On her left flank, the hooligans fought their battle with one dish, aided by the arrival of most of the fleet. The Unicorn and Leprechaun struggled to keep up, then flipped and fired full bow batteries at their tormentors. That cost the aliens two ships, but it cost the two volunteers seconds of precious acceleration. The aliens came on.
Now the dish’s flank burned under the fire of three battle squadrons. Ship after ship blew or stumbled out of formation, internal explosions erupting into space. Still, what was left of the dish locked its teeth onto its two unlucky victims and a third, the Kikukei, was proving no luckier than the Leprechaun.

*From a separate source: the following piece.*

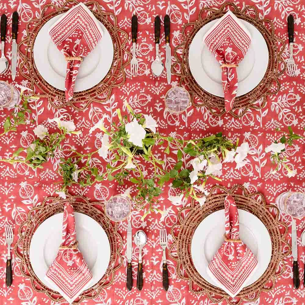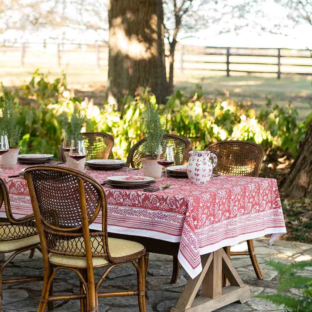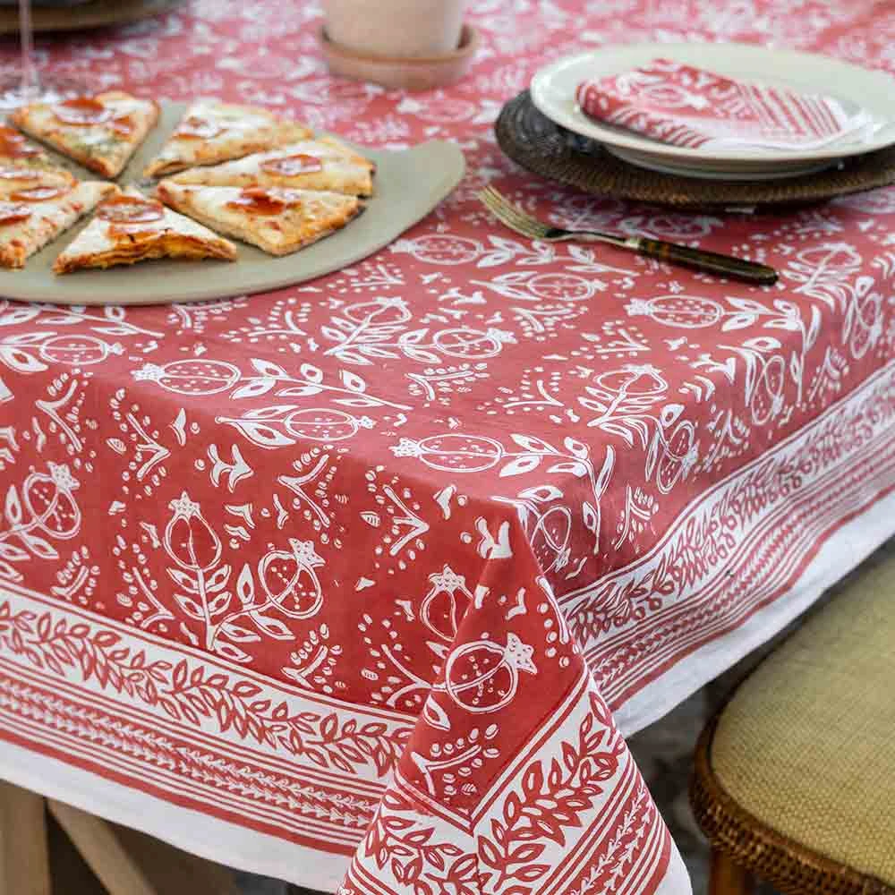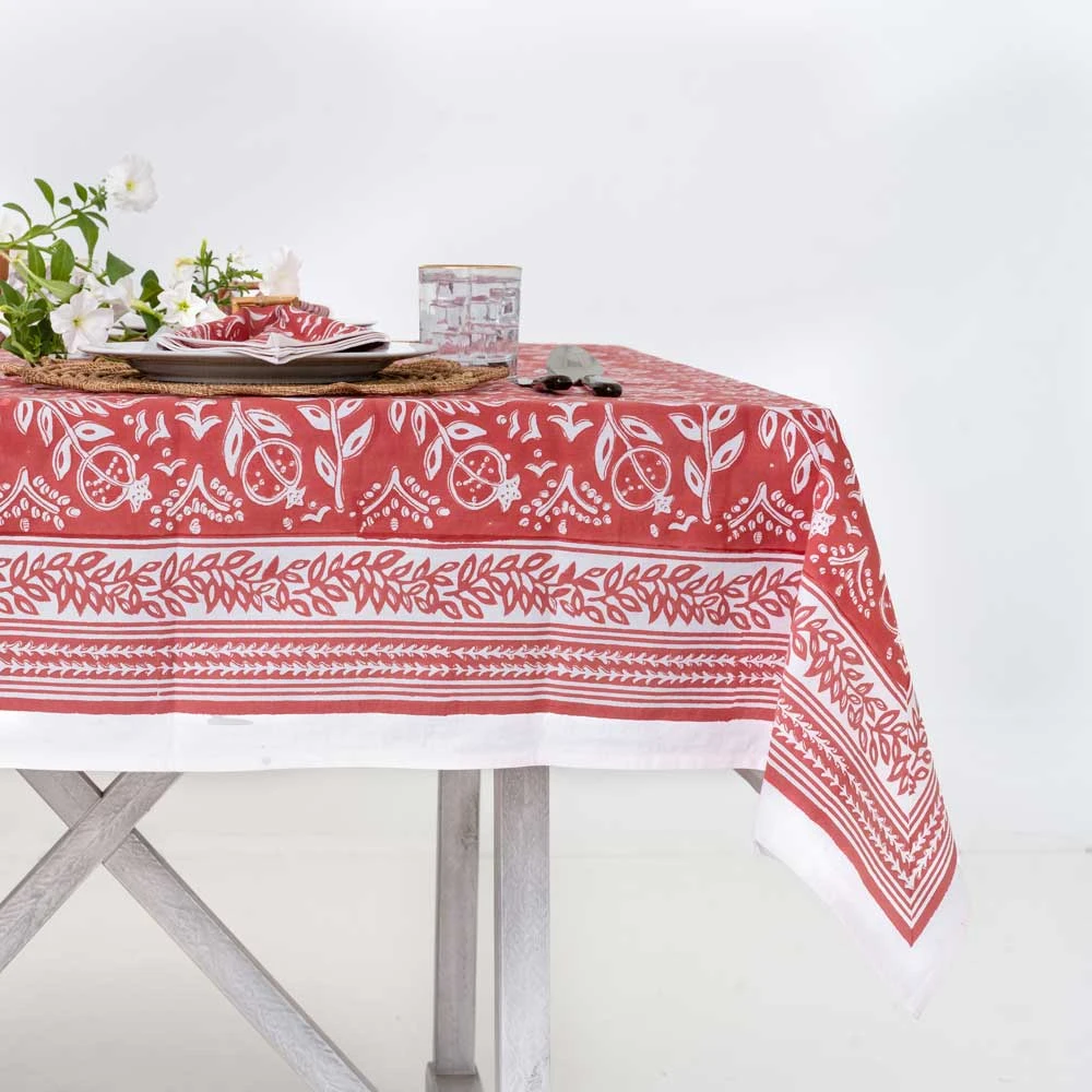 Pomegranate Poppy is the latest colorway of our brand’s signature print. Decorated in a distinctive, handpainted Pomegranate surrounded by lively fleurettes and a complimentary border, this tablecloth is a great foundation piece for indoor or outdoor entertaining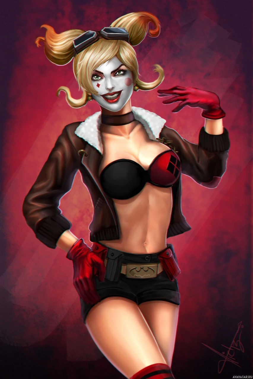 Harley Quinn, a popular character from the comic book series "Batman". She is wearing her

Commodore Miyashi’s ships concentrated on supporting the Kikukei, and that may have saved her. Still, both the Unicorn and the Leprechaun fell farther behind, bleeding steam and armor from hits even as they fired ever-decreasing salvos. At close range, they both managed a missile salvo that took their closest enemies with them as their final moment came.
Suddenly, the fight was over as quickly as it had begun. Two more of Kris’s ships were gone, but an alien dish was gone with them. The Kikukei managed to put on enough gees to crawl ahead and join CripDiv 1.
With BatRon 5 reduced to three ships, Kris offered Commodore Benson the chance to take all his ships out of the line and join the cripples in reserve.
“We’ve just begun to fight, Admi
ral,” was his reply. On Kris’s board, many of her ships were showing some red for damaged. However, as the quiet between storms stretched out, Temptress’s, Fairy Princess’s, and Pixie’s hardworking damage control parties brought them back into yellow.
The alien commander also seemed to need time to reassess the situation. The two remaining dishes, both battered, slowed their advance to half a gee. The rear four dishes and mother ship closed on them at one gee.
The clan was gathering, and their swords were sharp.
Kris had started with forty-four ships. She’d lost three and held four damaged ships in reserve. The tip of her spear, the four battle squadrons still had eight ships each, but she had little to play with otherwise. The remnants of BatRon 5 weren’t even a full division, and she wasn’t supposed to send her flagship charging into the line.
Across space, some 180 monsters formed a hexagon. Possibly worse, eighteen speedy small boys were doing a fast run, dropping well below the lowest dish to get behind Kris. So far, those little boys hadn’t shown a lot of firepower, but if they got across Kris’s line of flight and started tossing atomics at her, things could get messy.
“Constitution, Tiger, and Spitfire, you up for a high-speed run and some shooting?” Kris asked. In theory, their boards showed green again, but Kris didn’t trust she was getting the real word. She left the Kikukei out. It showed only two lasers online.
“We’re ready now,” the skipper of the Constitution said for all.
“You see their little boys. We can’t have them behind us. Proceed independently and stop them.”
Three big war wagons went to 2.75 gees and headed down, jinking all the way.
Kris could only watch that battle out of the corner of her eye. The hexagon of dishes were again trying to engulf her tiny battle array. First, the top dish would edge its speed up, closing the distance a bit, then one of the side dishes would make the threat.
Kris chose to feint toward one, shoot a few long-range salvos, never from more than one division of a squadron, then up her own speed to match the creeper. She picked off a ship here, another ship there, and she kept them at bay. But if they kept this up, there would still be a whole lot of them when they made orbit above Alwa.